WASPaLM World Congress and XXIV. National Clinical Biochemistry Congress , Antalya, Türkiye, 16 - 20 Ekim 2024, (Yayınlanmadı)
Aim: Celiac disease, triggered by gluten exposure in genetically susceptible individuals, is a chronic
autoimmune condition. While small intestine biopsy remains the diagnostic 'gold standard,' serological tests like
tissue transglutaminase antibodies have gained importance. However, their high cost and limited availability
present challenges.Inflammatory cytokines play a role in celiac disease, with monocytes expressing them
notably. Some studies suggest increased activation of circulating monocytes in celiac patients, possibly linked to
intestinal epithelial damage. Vitamin D, beyond its classical role, regulates cell differentiation and proliferation,
exhibiting anti-inflammatory effects. Research indicates its potential in reducing inflammatory factors secreted
by monocytes, possibly protecting against inflammation. Studying complete blood count parameters for
systemic inflammation and disease activity has become increasingly common due to easy affordability and
accessibility. The Systemic Inflammatory Response Index evaluates overall inflammatory response. This study
aims to evaluate Systemic Inflammatory Response Index and vitamin D in Celiac disease.
Methods: The study included 46 patients recently diagnosed with Celiac disease (25 girls and 21 boys; mean
age: 10.89±4.40 years) and 52 healthy controls (28 girls and 24 boys; mean age: 10.96±3.02). The complete
blood count was performed using the Sysmex XN-1000 automated hematology analyzer (Sysmex Inc, Kobe,
Japan).
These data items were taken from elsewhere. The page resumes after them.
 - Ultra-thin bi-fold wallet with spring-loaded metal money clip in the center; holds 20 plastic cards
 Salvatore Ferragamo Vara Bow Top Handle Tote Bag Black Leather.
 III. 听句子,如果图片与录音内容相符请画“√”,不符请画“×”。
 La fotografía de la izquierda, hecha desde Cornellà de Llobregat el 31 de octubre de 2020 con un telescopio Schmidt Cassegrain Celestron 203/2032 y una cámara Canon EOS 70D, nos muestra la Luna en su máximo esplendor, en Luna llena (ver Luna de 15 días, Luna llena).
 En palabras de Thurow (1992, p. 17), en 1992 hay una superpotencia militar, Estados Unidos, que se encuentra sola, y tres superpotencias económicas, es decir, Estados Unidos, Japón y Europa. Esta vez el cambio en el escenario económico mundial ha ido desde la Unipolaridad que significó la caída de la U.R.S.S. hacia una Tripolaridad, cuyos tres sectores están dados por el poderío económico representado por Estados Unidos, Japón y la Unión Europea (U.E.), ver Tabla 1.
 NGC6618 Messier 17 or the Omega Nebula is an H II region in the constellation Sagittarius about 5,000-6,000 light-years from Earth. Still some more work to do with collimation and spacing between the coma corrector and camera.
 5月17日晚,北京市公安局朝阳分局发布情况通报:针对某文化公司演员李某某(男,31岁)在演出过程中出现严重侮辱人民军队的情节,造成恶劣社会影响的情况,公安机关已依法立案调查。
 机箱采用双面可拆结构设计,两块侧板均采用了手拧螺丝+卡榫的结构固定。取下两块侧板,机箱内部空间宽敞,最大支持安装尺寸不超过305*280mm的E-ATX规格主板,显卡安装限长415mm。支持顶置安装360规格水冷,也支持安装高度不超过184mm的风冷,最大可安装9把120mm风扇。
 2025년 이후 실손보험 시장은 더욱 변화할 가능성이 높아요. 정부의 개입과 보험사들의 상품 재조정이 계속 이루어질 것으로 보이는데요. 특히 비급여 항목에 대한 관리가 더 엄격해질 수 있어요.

Systemic Inflammatory Response Index was calculated by (neutrophil count×monocyte
count)/lymphocyte count. Vitamin-D levels were detected by electrochemiluminescence immunoassay on
Roche Elecsys system.
Results: The total leukocyte counts (x1000/uL) were 7.90 ± 2.58 and 6.96±1,62 (p=0.03), the neutrophil counts
were 4.29 ± 2.34 and 3.44 ± 1.19 (p=0.02), the lymphocyte counts were 2,78 ± 0,96 and 2,61 ± 0,85 (p >0.05)
and monocyte counts were 0.59 ± 0.21, and 0.43 ± 00.14 (p<0.0001) in patient group and control group,
respectively. Systemic Inflammatory Response Index was determined as 1,19 ± 1,31 in the celiac group and
0.62 ± 0.34 in the control group (p=0.003). When evaluating the diagnostic significance of monocyte levels and
Systemic Inflammatory Response Index measurements, the area under the ROC curve were calculated as 0.73
and 0.63, respectively. Although the vitamin D level (μg/L) was lower in the patient group than control group,
there was no significant difference between the groups (20.61 ± 7.92 and 21.61 ± 6.89 (p>0.05). There was a
negative correlation between vitamin D levels and % monocyte counts (r:-0.270, p=0.07). However, this
relationship was not statistically significant.
Discussion: In our study, the systemic inflammatory response index and monocyte values were found to be
significantly higher in the celiac patient group. With this finding, considered that these parameters could be used
for the diagnosis of celiac disease in situations where tissue transglutaminase-IgA cannot be measured. In the
celiac group, a negative correlation was observed between vitamin D and monocyte percentage; however, this
correlation was not found to be statistically significant. Nevertheless, it is thought that re-evaluating this
relationship in studies with increased sample sizes would be beneficial.